Chen Peijun, Tong Jiahui, Lin Ting, Wang Ying, Yu Yuehui, Chen Menghan, Yang Gaoyi
Department of Ultrasonography, The Second Clinical Medical College, Zhejiang Chinese Medicine University, Hangzhou, China.
Department of Ultrasonography, Affiliated Hangzhou Chest Hospital, Zhejiang University School of Medicine, Chinese and Western Hospital of Zhejiang Province (Hangzhou Red Cross Hospital), Hangzhou, China.
Gland Surg. 2022 Dec;11(12):1946-1960. doi: 10.21037/gs-22-643.
S-detect is an emerging computer-aided diagnosis (CAD) technique that provides a reference for radiologists to identify breast cancer. Some studies have shown that US (ultrasound) + S-detect can improve the diagnostic accuracy of junior radiologists more than senior radiologists, but the results are inconsistent in various studies.
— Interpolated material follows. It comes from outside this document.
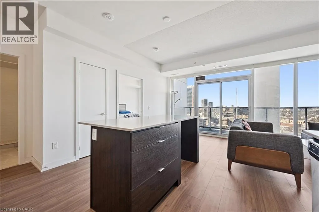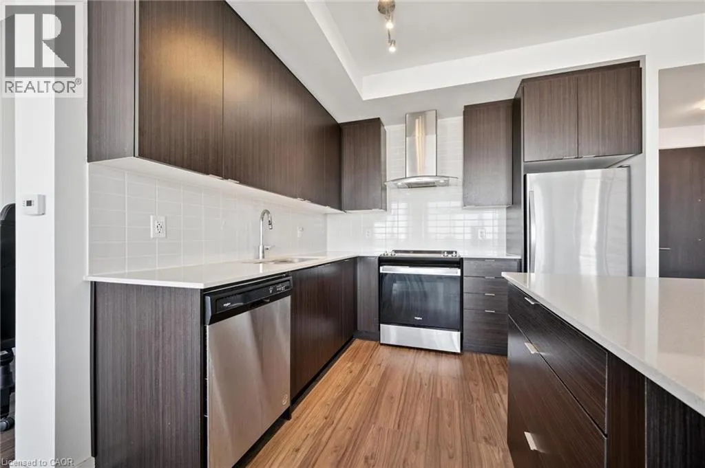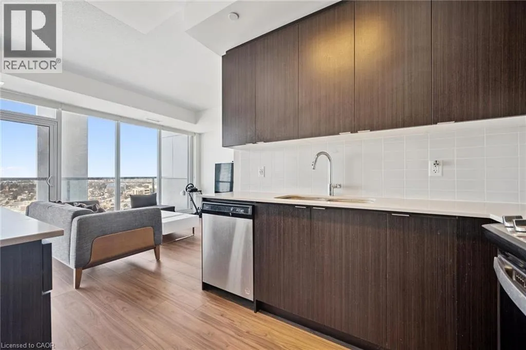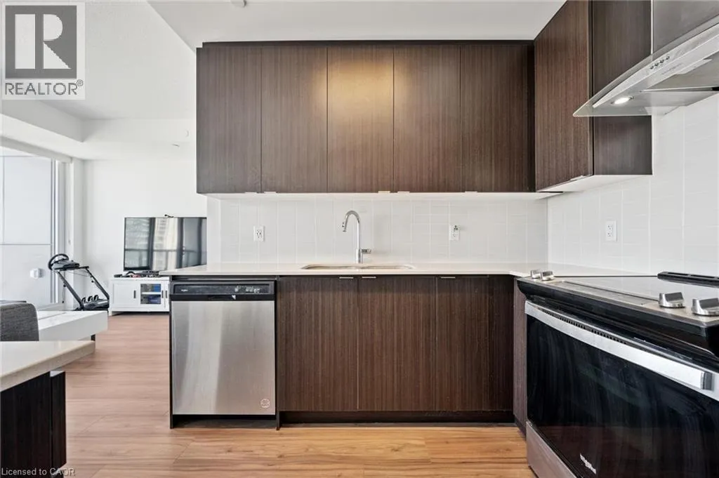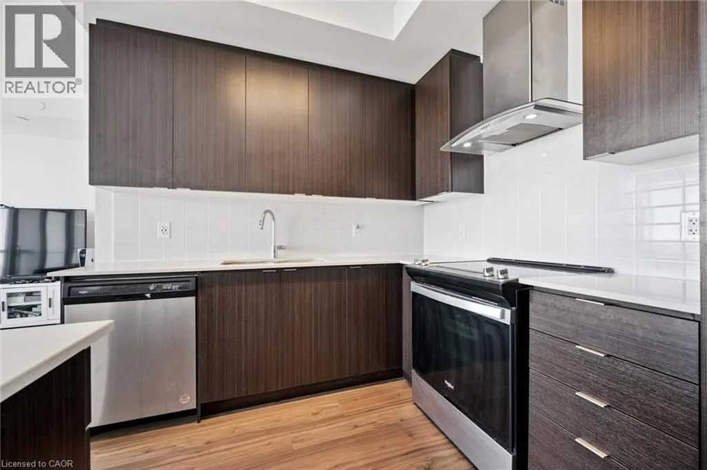 This 1 bedroom plus den condo is located in the bustling downtown area, offering a modern and stylish living space. As you step into the unit, you are greeted by a spacious open-concept living room and kitchen area, which is perfect for entertaining guests or relaxing after a long day. The kitchen features high-end stainless steel appliances, a kitchen island, and a sleek backsplash. The countertop provides ample space for meal preparation and doubles as a breakfast bar for quick meals. The bedroom is spacious and features large windows, which provide plenty of natural light and a stunning view of the city skyline. This unit features electric motorized blinds on all windows. The den can be used as a home office, or additional storage space, adding to the flexibility and functionality of the unit. The bathroom is elegantly designed with modern fixtures, a vanity sink, and a full-size bathtub. Other amenities include exclusive storage locker and parking, in-unit laundry, central air conditioning and heating, and a private balcony that provides a breathtaking view of the city. The building offers additional amenities, such as a fitness centre, a rooftop terrace, a walking/running track on the rooftop and 24-hour security, ensuring safety and convenience. This 1 bedroom plus den condo is perfect for those who want to experience the urban lifestyle with easy access to restaurants, cafes, shopping, and entertainment options that downtown has to offer. It is ideal for young professionals, couples, investors or small families who are looking for a comfortable and convenient living space in the heart of the city. (id:27476)

Therefore, this meta-analysis aimed to assess the value of S-detect combined with the US outcomes from senior and junior radiologists for the diagnosis of breast cancer.
We searched the PubMed, Cochrane Library, Embase, Web of Science, and Wanfang databases, China Biology Medicine disc, China National Knowledge Infrastructure (CNKI), and VIP database for trials on the diagnostic accuracy of US + S-detect for the diagnosis of breast masses. The search time frame was from the date of establishment of the database to August 20, 2022. Two researchers independently screened the literature, extracted the information, and evaluated the quality of the included literature using the Quality Assessment of Diagnostic Accuracy Studies-2 (QUADAS-2) scale. StataSE 15.1 software was utilized to assess pooled metrics, including sensitivity, specificity, and the area under the curve (AUC).
A total of 19 articles with 3,349 patients and 3,895 breast masses were included in this meta-analysis. Of these, seventeen articles evaluated the diagnostic performance of senior radiologists' US + S-detect for breast cancer, while twelve articles reported junior radiologists' diagnostic performance. The risk of bias was primarily attributed to patient selection, flow and timing. In the senior radiologist group, the pooled sensitivity and specificity of US + S-detect were 0.93 [95% confidence interval (CI): 0.89-0.95] and 0.86 (95% CI: 0.80-0.90), respectively, with an AUC of 0.96. As for the junior radiologist group, the pooled sensitivity and specificity of US + S-detect were 0.89 (95% CI: 0.83-0.93) and 0.79 (95% CI: 0.72-0.84), respectively, and the AUC was 0.91.
The results of this meta-analysis showed that the pooled sensitivity and the AUC of both the senior and junior radiologist groups were high, with good diagnostic efficacy and high clinical application. However, the results of this study are highly heterogeneous and need to be validated by collecting more high-quality studies and accumulating a larger sample size.
S-detect是一种新兴的计算机辅助诊断(CAD)技术,可为放射科医生识别乳腺癌提供参考。一些研究表明,超声(US)+S-detect对初级放射科医生诊断准确性的提升作用比对高级放射科医生更显著,但不同研究结果并不一致。因此,本荟萃分析旨在评估S-detect联合高级和初级放射科医生的US检查结果对乳腺癌诊断的价值。
我们检索了PubMed、Cochrane图书馆、Embase、Web of Science、万方数据库、中国生物医学文献数据库、中国知网(CNKI)和维普数据库,以查找关于US+S-detect诊断乳腺肿块准确性的试验。检索时间范围为各数据库建库之日至2022年8月20日。两名研究人员独立筛选文献、提取信息,并使用诊断准确性研究质量评估-2(QUADAS-2)量表评估纳入文献的质量。使用StataSE 15.1软件评估合并指标,包括敏感性、特异性和曲线下面积(AUC)。
本荟萃分析共纳入19篇文章,涉及3349例患者和3895个乳腺肿块。其中,17篇文章评估了高级放射科医生US+S-detect对乳腺癌的诊断性能,12篇文章报告了初级放射科医生的诊断性能。偏倚风险主要归因于患者选择、流程和时间安排。在高级放射科医生组中,US+S-detect的合并敏感性和特异性分别为0.93[95%置信区间(CI):0.89-0.95]和0.86(95%CI:0.80-0.90),AUC为0.96。对于初级放射科医生组,US+S-detect的合并敏感性和特异性分别为0.89(95%CI:0.83-0.93)和0.79(95%CI:0.72-0.84),AUC为0.91。
本荟萃分析结果显示,高级和初级放射科医生组的合并敏感性和AUC均较高,诊断效能良好,临床应用价值高。然而,本研究结果异质性较高,需要通过收集更多高质量研究并积累更大样本量进行验证。